Relation Extraction (RE)
Let $RE_DIR indicate a folder for a single RE dataset, $TASK_NAME denote the name of task (two possible options: {gad, euadr}), and $OUTPUT_DIR denote a directory for RE outputs:
$ export RE_DIR=./datasets/RE/GAD/1
$ export TASK_NAME=gad
$ export OUTPUT_DIR=./re_outputs_1
Following command runs fine-tuning code on RE with default arguments.

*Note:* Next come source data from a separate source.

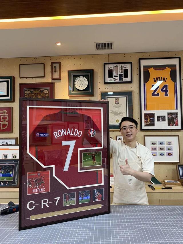 2021年欧洲杯期间,范伟浩试着装裱了自己的一件C罗球衣,一位外地网友在网上看到相关视频后,也将自己的一件同款球衣寄了过来。这是范伟浩正式接的第一个非字画类的实物装裱订单。
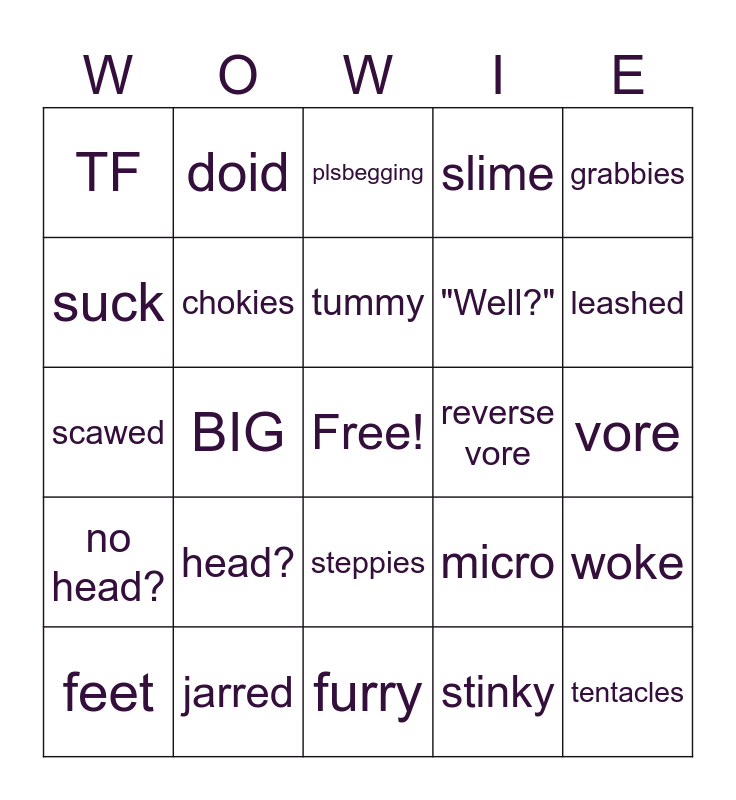 This bingo card has a free space and 39 words: big AND round, implied vore, milk, chokies, feet, steppies, tummy, WAHUH moment, grabbies, no head?, BIG, slime, tentacles, vore, reverse vore, head?, sus, TF, bondage, micro, suck, furry, "Well?", leashed, betrayal, "HEEEELP", yummers moment, slop slop, lore drop, doid, wisdom, Life, plsbegging, jarred, stinky, birthed, woke, scawed and buddy.
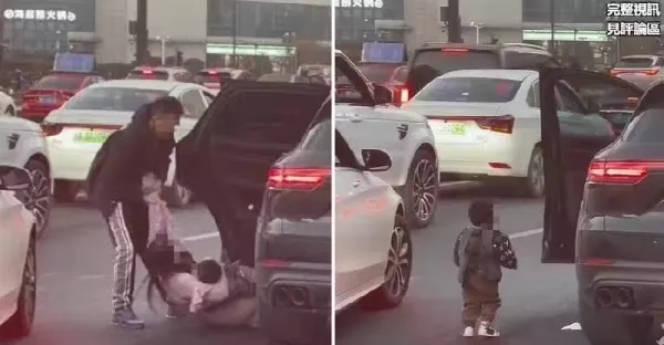 當街暴走!夫強拖妻兒「丟包快車道」,人妻爬回駕駛座獨留幼童哭嚎,驚悚10秒畫面曝光:路人都怒了
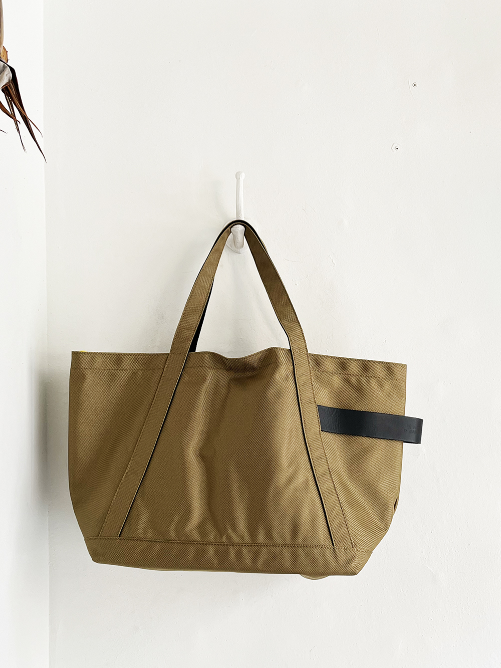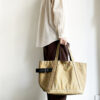 持ち手の長さは肩掛けでも手持ちでも使え、裏側にはコットンテープで持ちやすく補強。
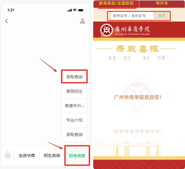 考生可通过学校官方微信公众号查询,具体路径为点击【校园生活】-【录取查询】-【普高录取/全国联招】,输入个人信息即可查询;也可通过招生办官方微信公众号查询,点击【招考信息】-【录取查询】-【普高录取/全国联招】,输入个人信息完成查询;还可登录学校招生信息网(http://zs.gdhsc.edu.cn/),进入球友会(中国)后点击【录取/成绩信息查询】,输入个人信息完成查询。
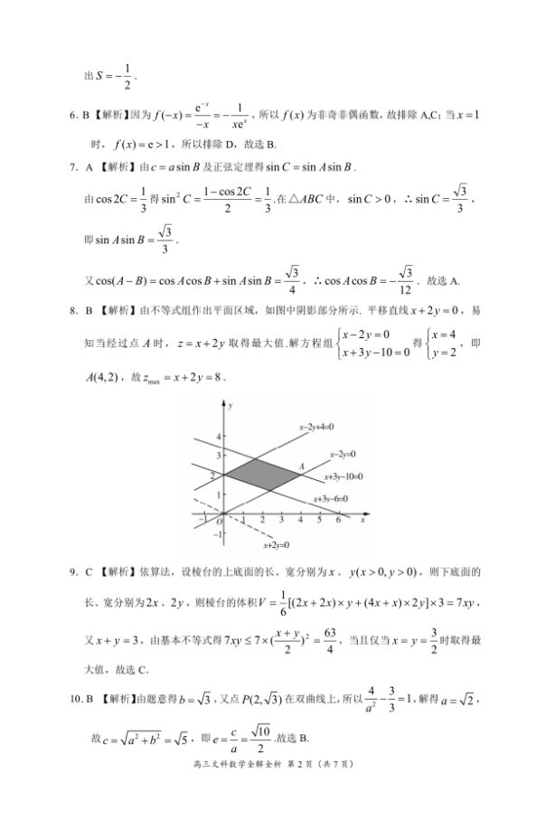 豫南九校2016-2017学年上期期末质量考评高三数学文科试题及答案(6)
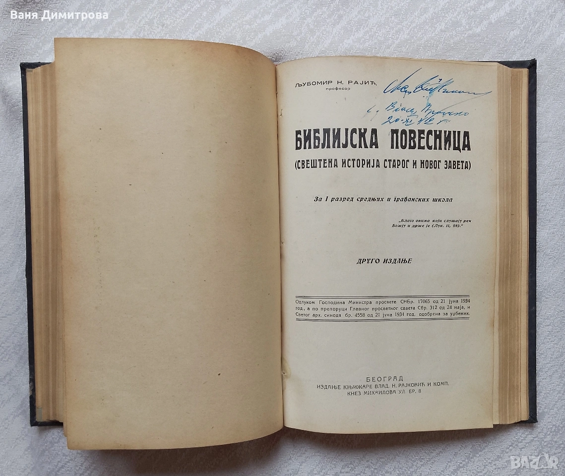 „Библейска повестница (Свещена история на Стария и Новия завет)“ За I разред средњих и грађанских школа Љубомир Н. Рајић, Београд 1934 г., второ издание
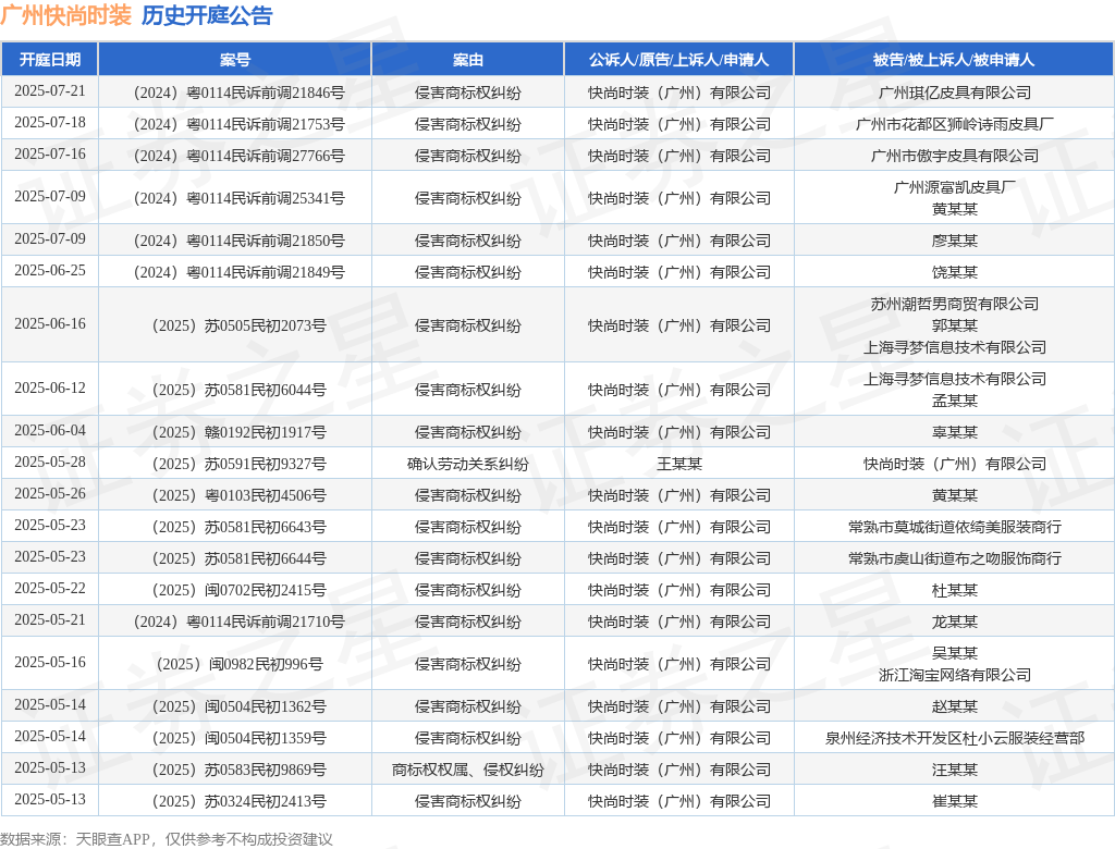 案号:(2025)苏0324民初2413号审理法院:睢宁县人民法院案由:侵害商标权纠纷当事人信息: 原告/上诉人:快尚时装(广州)有限公司 被告/被上诉人:崔某某开庭日期:2025年5月13日根据统计,近一年内以快尚时装(广州)有限公司为当事人的历史开庭公告有244则,其中案由为“侵害商标权纠纷”的公告以201则居首,其次为“商标权权属、侵权纠纷”有13则,“不正当竞争纠纷”有5则。历史开庭公告(前20条)如下:

$ python run_re.py --task_name=$TASK_NAME --do_train=true --do_eval=true --do_predict=true --vocab_file=$BIOBERT_DIR/vocab.txt --bert_config_file=$BIOBERT_DIR/bert_config.json --init_checkpoint=$BIOBERT_DIR/model.ckpt-1000000 --max_seq_length=128 --train_batch_size=32 --learning_rate=2e-5 --num_train_epochs=3.0 --do_lower_case=false --data_dir=$RE_DIR --output_dir=$OUTPUT_DIR
The predictions will be saved into a file called test_results.tsv in the $OUTPUT_DIR.
Use ./biocodes/re_eval.py for the evaluation.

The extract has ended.